**Provided data:**
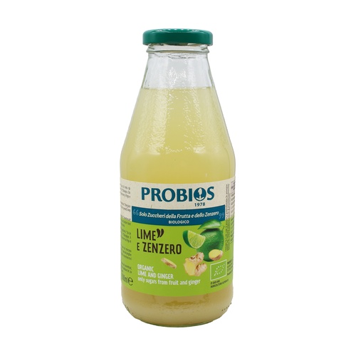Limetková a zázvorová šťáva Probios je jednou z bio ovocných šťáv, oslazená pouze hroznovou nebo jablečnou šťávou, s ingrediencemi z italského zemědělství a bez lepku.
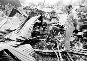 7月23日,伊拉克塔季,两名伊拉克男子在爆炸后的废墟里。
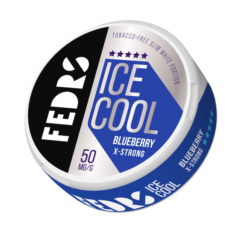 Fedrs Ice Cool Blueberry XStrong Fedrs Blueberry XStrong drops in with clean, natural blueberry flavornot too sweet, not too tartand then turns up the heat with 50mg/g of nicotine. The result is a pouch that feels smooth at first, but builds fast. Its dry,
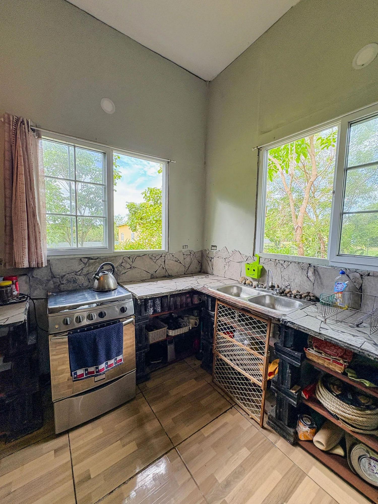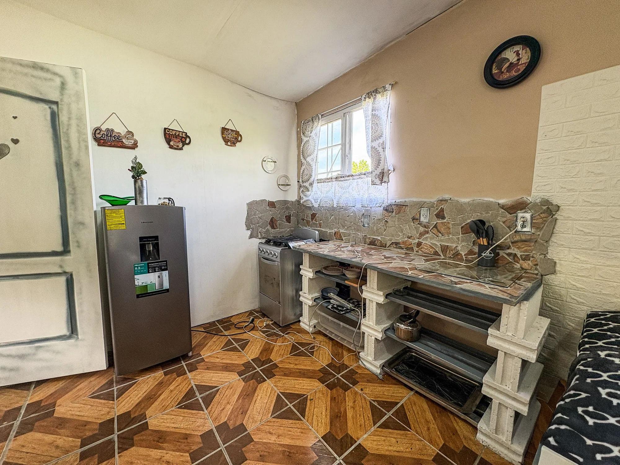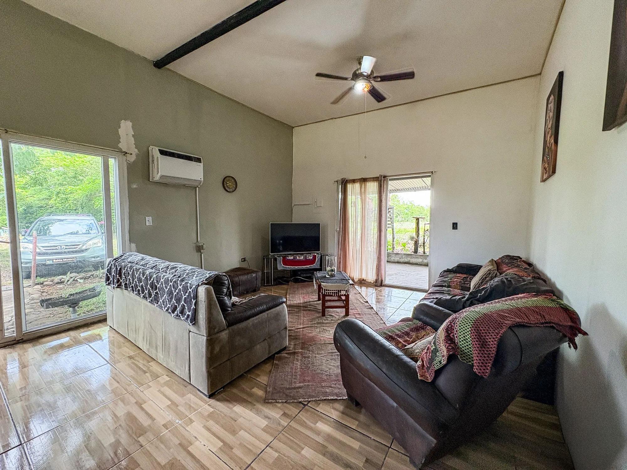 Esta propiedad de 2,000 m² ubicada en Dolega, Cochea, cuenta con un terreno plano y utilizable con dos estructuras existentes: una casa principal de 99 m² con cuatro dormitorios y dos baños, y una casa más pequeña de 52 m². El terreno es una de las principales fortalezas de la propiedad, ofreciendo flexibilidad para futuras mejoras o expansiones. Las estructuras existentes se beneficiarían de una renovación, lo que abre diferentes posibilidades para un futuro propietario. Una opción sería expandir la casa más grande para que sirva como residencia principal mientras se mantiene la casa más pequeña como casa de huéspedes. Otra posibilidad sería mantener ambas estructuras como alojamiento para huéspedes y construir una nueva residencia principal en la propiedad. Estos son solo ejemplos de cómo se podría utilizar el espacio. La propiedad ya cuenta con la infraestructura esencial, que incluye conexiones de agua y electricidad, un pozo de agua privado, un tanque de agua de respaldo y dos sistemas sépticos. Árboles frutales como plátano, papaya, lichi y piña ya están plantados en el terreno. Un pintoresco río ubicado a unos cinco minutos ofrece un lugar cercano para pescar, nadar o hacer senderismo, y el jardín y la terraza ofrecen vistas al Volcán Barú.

**Exercise description:** Beginning with the line that contains "Fedrs Ice Cool" in the data above, please copy each line exactly until the last line, both ends included, skipping any pictures.

**Result of this exercise:**
 Fedrs Ice Cool Blueberry XStrong Fedrs Blueberry XStrong drops in with clean, natural blueberry flavornot too sweet, not too tartand then turns up the heat with 50mg/g of nicotine. The result is a pouch that feels smooth at first, but builds fast. Its dry,
 Esta propiedad de 2,000 m² ubicada en Dolega, Cochea, cuenta con un terreno plano y utilizable con dos estructuras existentes: una casa principal de 99 m² con cuatro dormitorios y dos baños, y una casa más pequeña de 52 m². El terreno es una de las principales fortalezas de la propiedad, ofreciendo flexibilidad para futuras mejoras o expansiones. Las estructuras existentes se beneficiarían de una renovación, lo que abre diferentes posibilidades para un futuro propietario. Una opción sería expandir la casa más grande para que sirva como residencia principal mientras se mantiene la casa más pequeña como casa de huéspedes. Otra posibilidad sería mantener ambas estructuras como alojamiento para huéspedes y construir una nueva residencia principal en la propiedad. Estos son solo ejemplos de cómo se podría utilizar el espacio. La propiedad ya cuenta con la infraestructura esencial, que incluye conexiones de agua y electricidad, un pozo de agua privado, un tanque de agua de respaldo y dos sistemas sépticos. Árboles frutales como plátano, papaya, lichi y piña ya están plantados en el terreno. Un pintoresco río ubicado a unos cinco minutos ofrece un lugar cercano para pescar, nadar o hacer senderismo, y el jardín y la terraza ofrecen vistas al Volcán Barú.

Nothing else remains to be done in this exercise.